Research
We do organic chemistry research in the Ams Lab, and our focus is on investigating how molecules are attracted to each other. This is a fundamental aspect of the field of molecular recognition, and of critical importance in areas such as drug discovery and design. There is still much left to learn, and we take an experimental approach to the challenge by designing and synthesizing organic molecules that will help us understand the forces that govern intermolecular interactions.
Project 1: Expanding chemical space
Next-generation molecular building blocks with multifunctional properties are in high demand for increasing the diversity and functionality of supramolecular architectures. We are working on a new class of building blocks based on chalcogen bonding interactions that may expand the current supramolecular toolkit by achieving two goals simultaneously: (1) expanding intermolecular connections while (2) providing secondary functions. These goals have implications for information storage, supramolecular chemistry, and optoelectronics. Our building block is based on 2,1,3-benzothiadiazole (BTD) derivatives, and we are developing hetero-square BTDs using solid- and solution-phase techniques (Figure. 1).
Figure 1. A) Top view showing the in-plane position of the nitrogen lone pairs, sulfur sigma-holes and sigma-star orbitals. B) Homo- and C) hetero-square dimers.
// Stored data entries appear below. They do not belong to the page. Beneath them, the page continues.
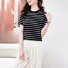 Temperament Striped Silk T-shirt Women's Short-sleeved Summer Dress Fashion Mulberry Silk Thin Top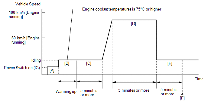 (e) Start the engine and warm it up until the engine coolant temperature is 75°C (167°F) or higher with all the accessories switched off.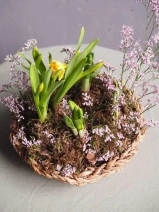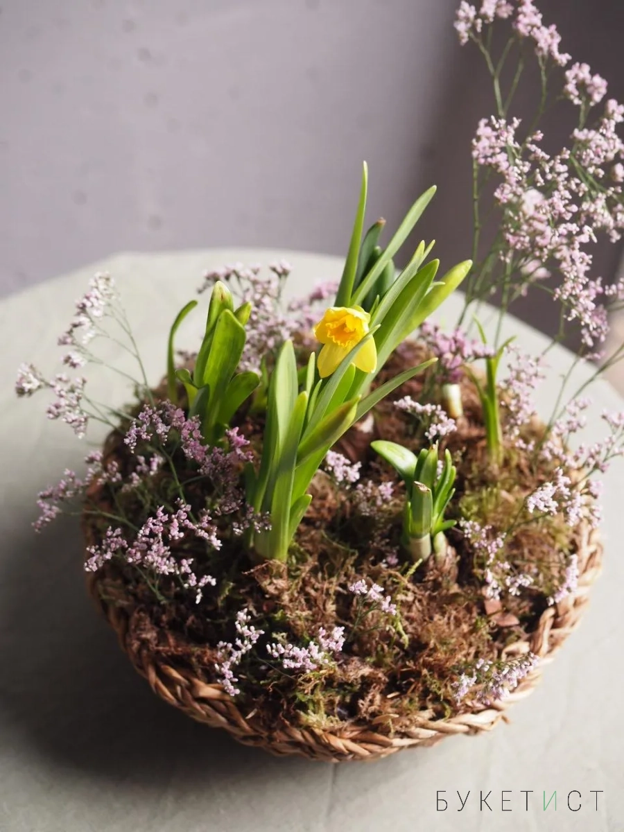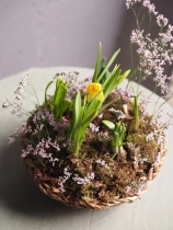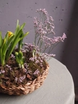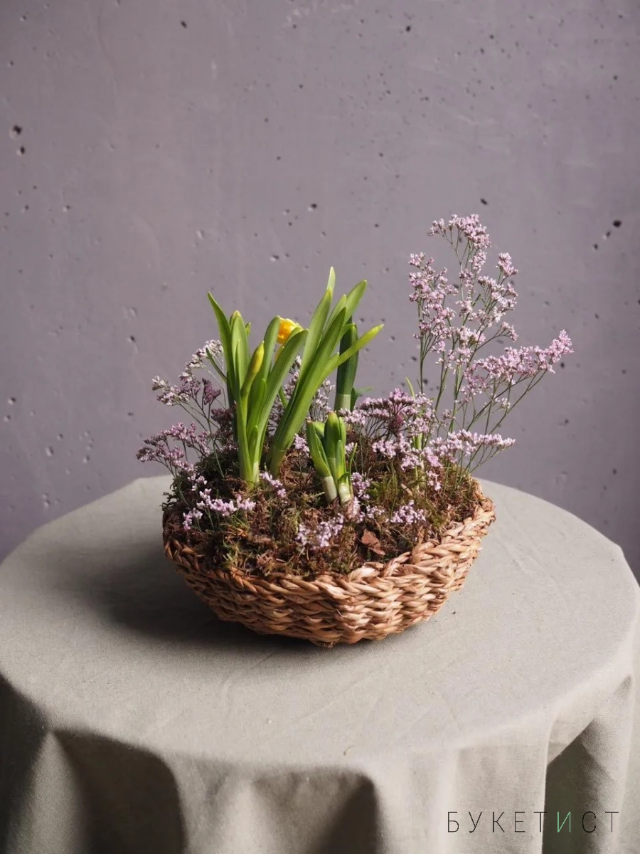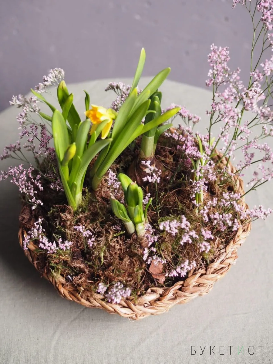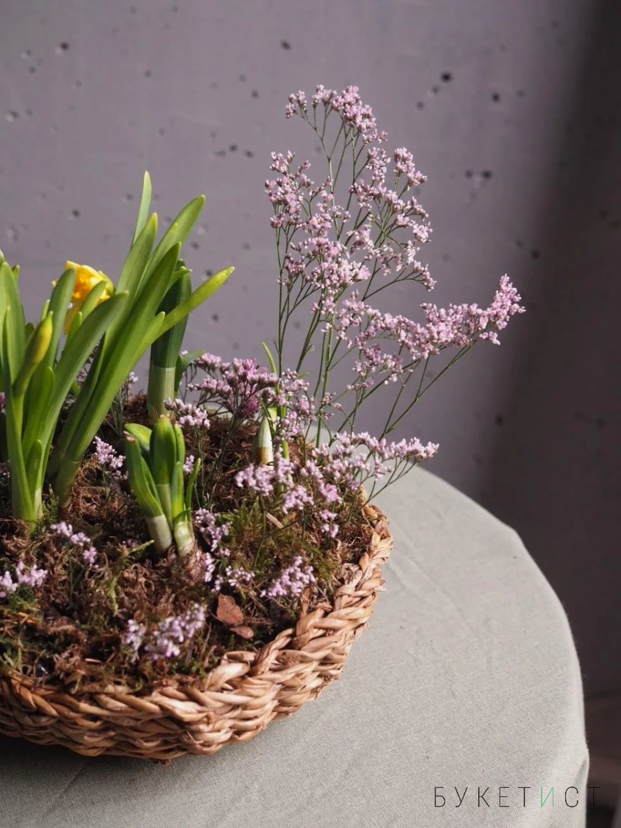 Плетёная корзина с веточками лимониума и луковицами нарциссов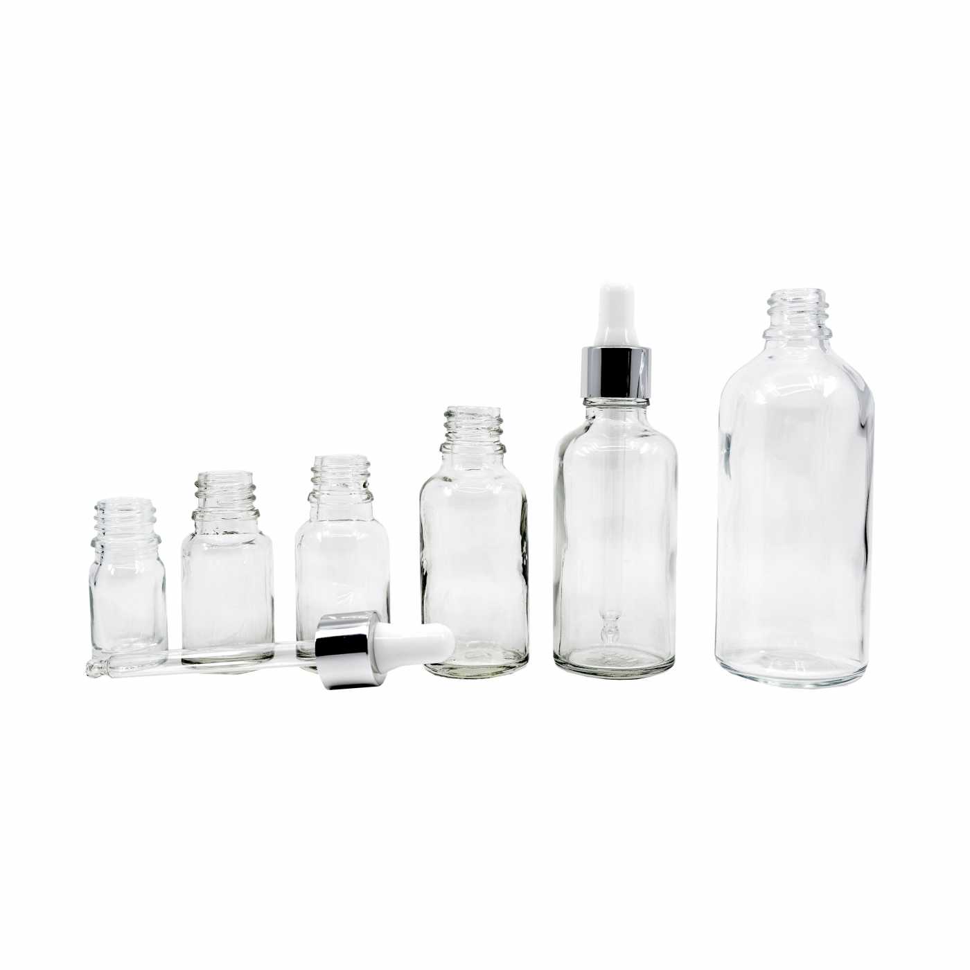 Glastropfer, weiß/silber glänzend, passend für Flasche mit Halsdurchmesser 18 mm und Volumen 100 ml.Länge des Glasrohrs: 103 mmMaterial: Glas, Silikon, Aluminium, Kunststoff

Project 2: Halogen behavior in hydrophobic pockets
Halogen’s ability to enhance CH●●●pi contacts is an under-explored research area, yet many drugs contain alkyl halides and have this interaction within their binding pockets. We recently searched the Protein Data Bank for ligands involved in XC—H●●●pi contacts, and found that F and Cl are prevalent with aromatic amino acids (Figure 2A-B). We use torsion balance molecules to mimic and quantify these contacts in solution (Figure 2C). In 2015 we learned that FC—H●●●pi contacts can be stronger than their non-halogenated counterparts, and we are currently evaluating Cl. Our short-term goal is identifying strong (F/Cl)C—H●●●pi combinations, and our long-term objective is to apply this information toward the development of new drug candidates.
Figure 2. Protein-drug interactions that contain A) FC—H●●●pi and B) ClC—H●●●pi contacts. C) Our torsion balance molecule.
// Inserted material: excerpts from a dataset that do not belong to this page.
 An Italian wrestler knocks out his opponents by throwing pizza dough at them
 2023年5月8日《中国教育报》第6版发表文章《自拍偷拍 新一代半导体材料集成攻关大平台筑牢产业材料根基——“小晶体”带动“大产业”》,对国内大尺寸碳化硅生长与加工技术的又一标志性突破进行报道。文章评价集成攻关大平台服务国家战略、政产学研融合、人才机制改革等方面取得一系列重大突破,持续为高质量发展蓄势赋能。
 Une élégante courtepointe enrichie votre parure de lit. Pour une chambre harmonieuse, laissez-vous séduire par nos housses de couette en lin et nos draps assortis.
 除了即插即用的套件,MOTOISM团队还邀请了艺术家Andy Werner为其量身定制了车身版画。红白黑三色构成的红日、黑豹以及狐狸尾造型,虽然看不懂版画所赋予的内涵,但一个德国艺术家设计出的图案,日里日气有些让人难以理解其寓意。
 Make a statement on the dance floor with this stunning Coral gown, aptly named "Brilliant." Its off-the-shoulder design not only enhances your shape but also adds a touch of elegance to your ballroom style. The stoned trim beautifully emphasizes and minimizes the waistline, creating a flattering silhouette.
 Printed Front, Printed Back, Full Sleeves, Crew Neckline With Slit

Project 3: Quantifying bound-state entropy
Quantifying the residual motion in a weakly bound state provides a unique opportunity for chemists to better understand the origins of Gibbs Free Energy values. That is to say, the fundamental enthalpy-entropy compensation that drives binding. Many drugs currently under investigation and on the market today are fluorinated or chlorinated (Figure 3). The principles we learn about residual motion within bound states may be directly applicable to such systems, as well as to current computational models that are in need of improvement.
Figure 3. Examples of alkyl fluorinated or chlorinated drug-protein complexes.
We are currently using torsion balance molecules to along with 19F-NMR spectroscopy to determine the populations of microstates that exist when organofluorine fragments are buried within a hydrophobic cleft (Figure 4.). Our goal is to determine what role bound-state entropy has in influencing the Gibbs Free Energy of binding.
Figure 4. Bound-state conformations of an aryl F fragment in the folded state of a torsion balance molecule.